What could she do? She reached across and pressed his hand.
“Luca said that he’d never loved me, not even at the beginning, not even when he proposed. He said proposing had been a mistake. He was swept along by the emotion. First sexual experience. My mother’s death. Everything was heightened.” Nina shifted her weight in the chair. “I’m uncomfortable again. Do you mind if we go inside?”
She went slowly into her room and lay on the bed, denying gravity to the leg and enacting the long exhale of gratitude.
“He was aware, saying love one day and not-love the next, that I couldn’t challenge his feelings. Feelings aren’t things anyone can argue with. He exploited that; it was easy to say it wasn’t
ever love. He used one of the conventions. He’d never loved me. It shut the conversation down.”
“Yes.”
“Two months. We had two whole months of Luca living with us, the same day after day. It got so I’d be afraid to go into the kitchen. He’d made camp there with his technology all spread out.” His computers and his iPad and his phone and his chargers and all the cables, his miniature TV and his music system. His retro music pumping. His magazines and his work files and printouts; his printer set up on the butcher’s block. His recipe books, his kitchen gadgets he couldn’t live without; his own better coffee machine, his juicer, and his better knives.

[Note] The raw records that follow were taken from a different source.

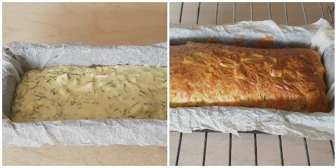 Pour the batter into a loaf pan lined with parchment paper (I used a pan measuring 9.8 x 4.5 inches).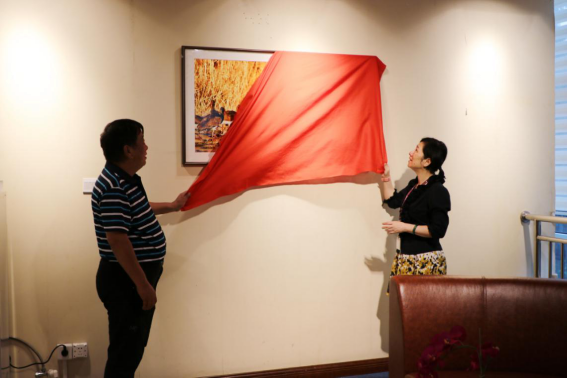 图为李振民先生与周碧琴总执行长共同为捐赠的摄影作品之一——国家一级保护濒危鸟类黒鹳揭幕(图/杨欣)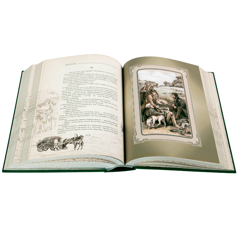 Книжный блок – мелованная бумага, цветные иллюстрации, зеркальные серебряные обрезы.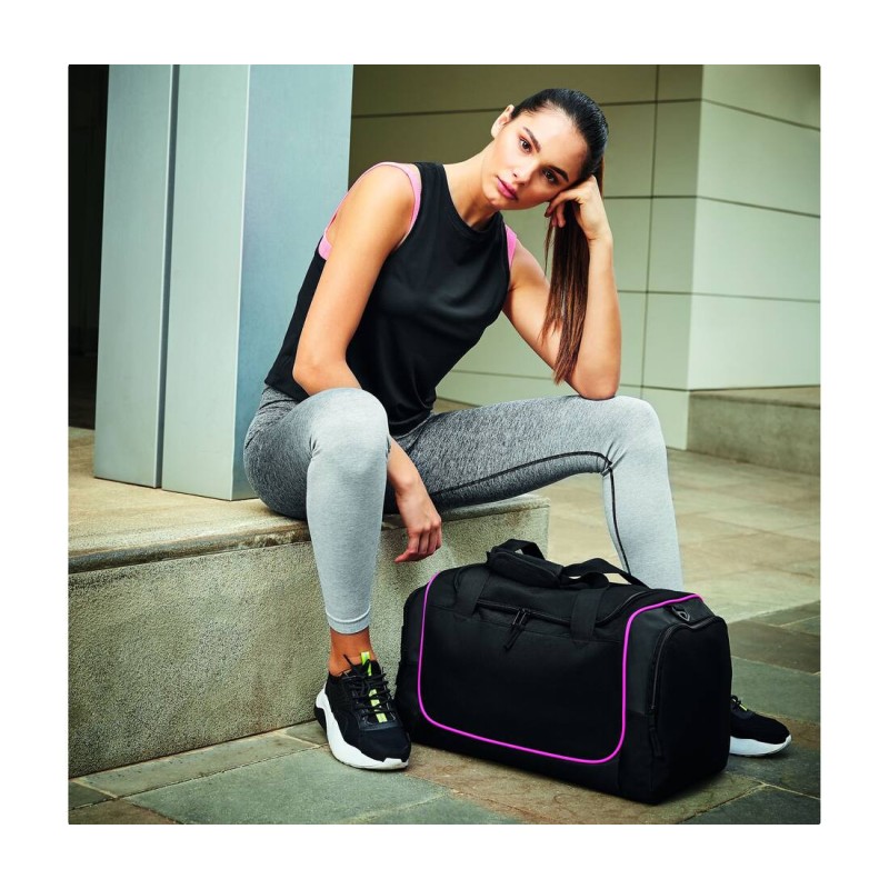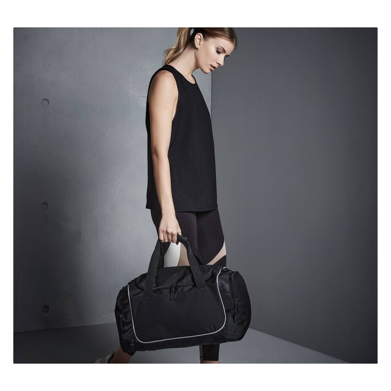 Mélange de polyester 600D/420D | Format compact, convient à la plupart des casiers | Bandoulière ajustable amovible avec coussinet | Compartiments complémentaires spacieux à l'extérieur - un avec doublure en résille | Plinthe interne | Poignée rembourrée | Fond robuste | Capacité : 30 litres | Livraison sans contenu/décoration

“It really was an invasion.”
“He’d glare at me when I went in there. He wouldn’t reply if I spoke to him. I’d hear him talking quietly on the phone to other people and I began to be paranoid. I started hiding in my room.”
“That’s not good.”
She’d sit on her bed, having claimed she preferred to work there, her heart beating hard. He’d come in sometimes, without knocking, with a tray, a cup of tea, some fantastic leaf tea he got sent in the post, the specialist items arriving in constant packages. He’d bring leaf tea in on a tray and his warm lavender shortbread.